**INPUT DATA**:

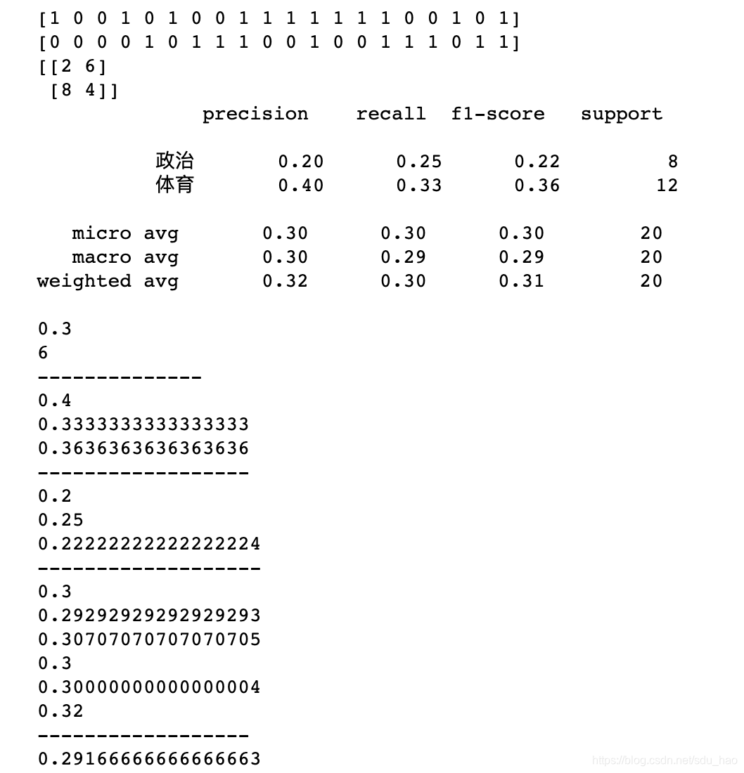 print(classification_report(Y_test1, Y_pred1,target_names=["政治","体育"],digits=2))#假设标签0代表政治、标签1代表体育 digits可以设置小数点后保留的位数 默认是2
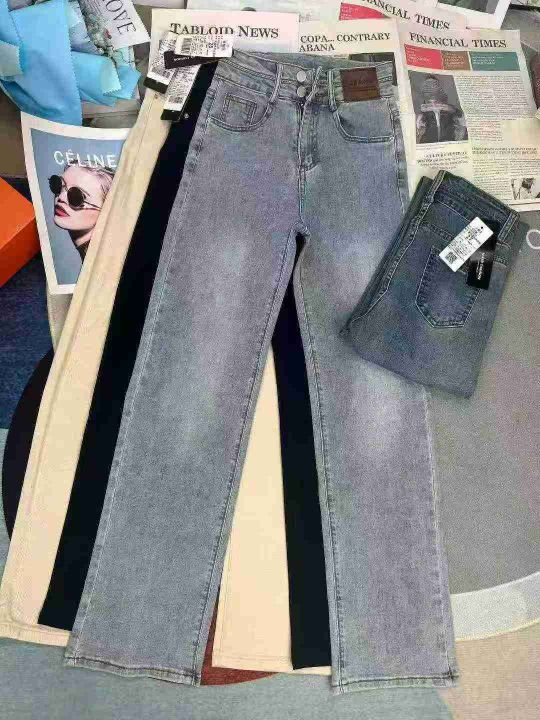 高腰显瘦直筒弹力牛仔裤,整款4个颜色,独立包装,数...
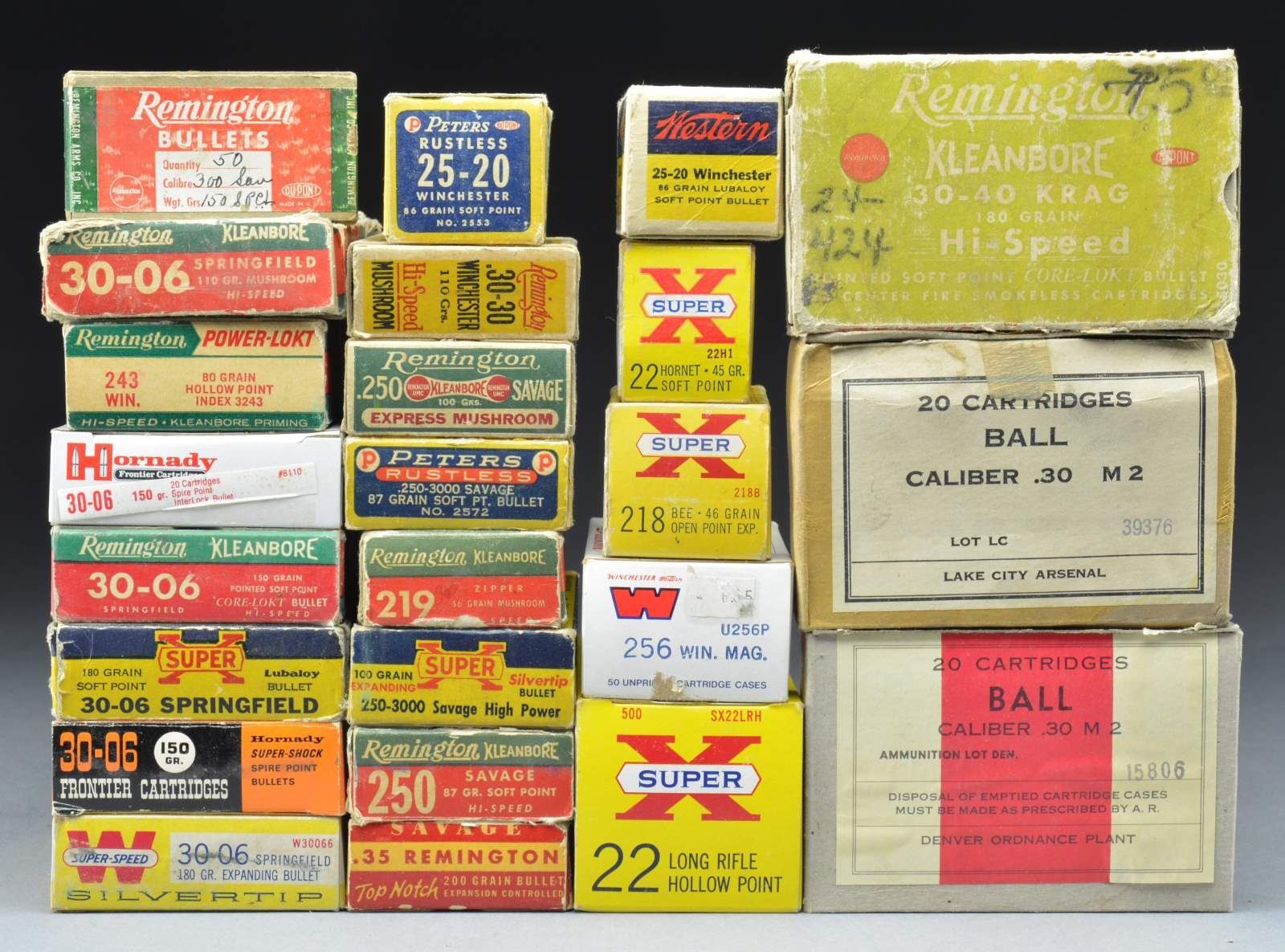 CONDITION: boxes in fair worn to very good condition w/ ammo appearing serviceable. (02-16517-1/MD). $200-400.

**TASK**:
Your task is an exact transcription of all the data, minus the pictures.

**OUTPUT FOR THIS EXERCISE**:
 print(classification_report(Y_test1, Y_pred1,target_names=["政治","体育"],digits=2))#假设标签0代表政治、标签1代表体育 digits可以设置小数点后保留的位数 默认是2
 高腰显瘦直筒弹力牛仔裤,整款4个颜色,独立包装,数...
 CONDITION: boxes in fair worn to very good condition w/ ammo appearing serviceable. (02-16517-1/MD). $200-400.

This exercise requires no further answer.